~ by Trenda
Cozy and cottage go together like peas and carrots and a way to add some “cozy” to your home is to display the things you love to collect. In my first chapter of The Cottage Series and also in The Cottage Series Part 2 I’ve shown you some of the collections inside the crooks and crannies of Cottage Green and given you some decorating tips on how to add the “cottage look” to your home. My kitchen cupboards display a lot more than just the usual dishes! Nestled and peeking out among the plates and dishes of my kitchen hutch, you’ve seen an assortment of things I love to collect … salt cellars, silver spoons, Staffordshire creamers, thatched roofed sugar bowls, miniature tea sets, and Boyd’s Bear collectibles.
I have a collection of “farmyard fowl” that all began after my mother-in-law gave me the rooster and hen set I’d always admired that she kept on a little shelf in her kitchen. My husband said “as long as he can remember” this rooster and hen were displayed in their kitchen. I love that she gave them to me and I now have them in a little cubby Richard made in our kitchen, that I fondly call “the chicken coop.”
The coloring of the smaller rooster on the right, matched perfectly with the antique rooster and hen my mother-in-law gave me, so I grouped them all together. I can never resist antique dishes in green and white and I loved this plaid plate when I saw it! Though there was only one and I didn’t know yet, how I would use it … I bought it. After Richard made my little “coop” I placed the plate in the back of the shelf and loved the bold background and the way it contrasted with the colors of the roosters and hen.

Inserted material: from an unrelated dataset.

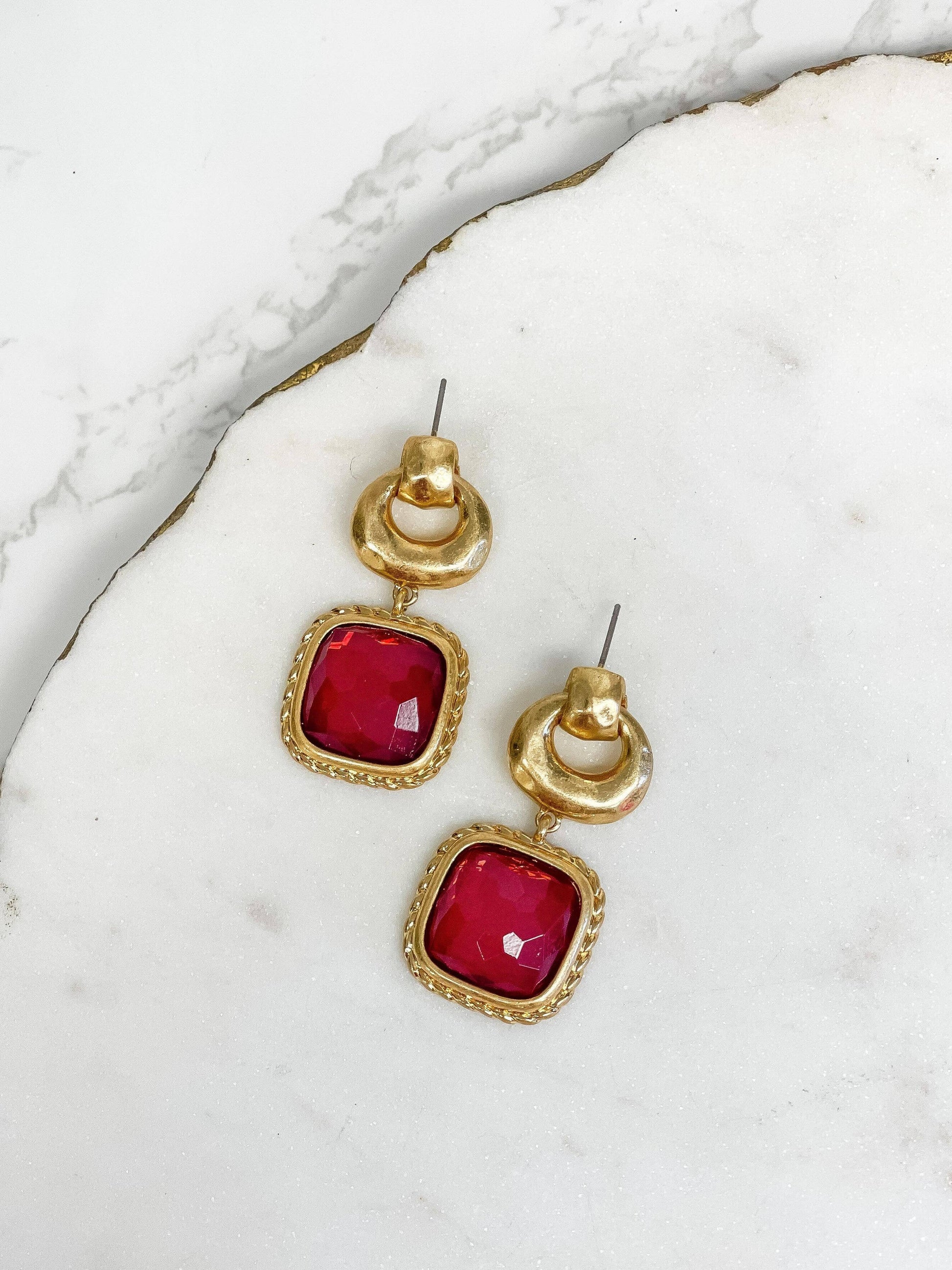 Prep Obsessed Wholesale - Golden Square Red Jewel Drop Earrings

The middle shelf is anchored with a quaint coffee mill, another cherished gift from Richard’s mother. A music box we bought in Switzerland – is not something you would usually find in a kitchen (; It plays the sweet tune of “Edelweiss” and is wood carving of a young boy in overalls, holding his pet rooster in one arm and a pail of feed in the other … with a trail of chickens behind him. The music box looks perfectly quaint, centered on the coffee mill and right at home in the kitchen with some smaller hens, ducks, baby chicks and geese I’ve collected and “scattered” for company on the shelf. Another plaid plate propped behind the farmyard scene is another orphaned plate I found!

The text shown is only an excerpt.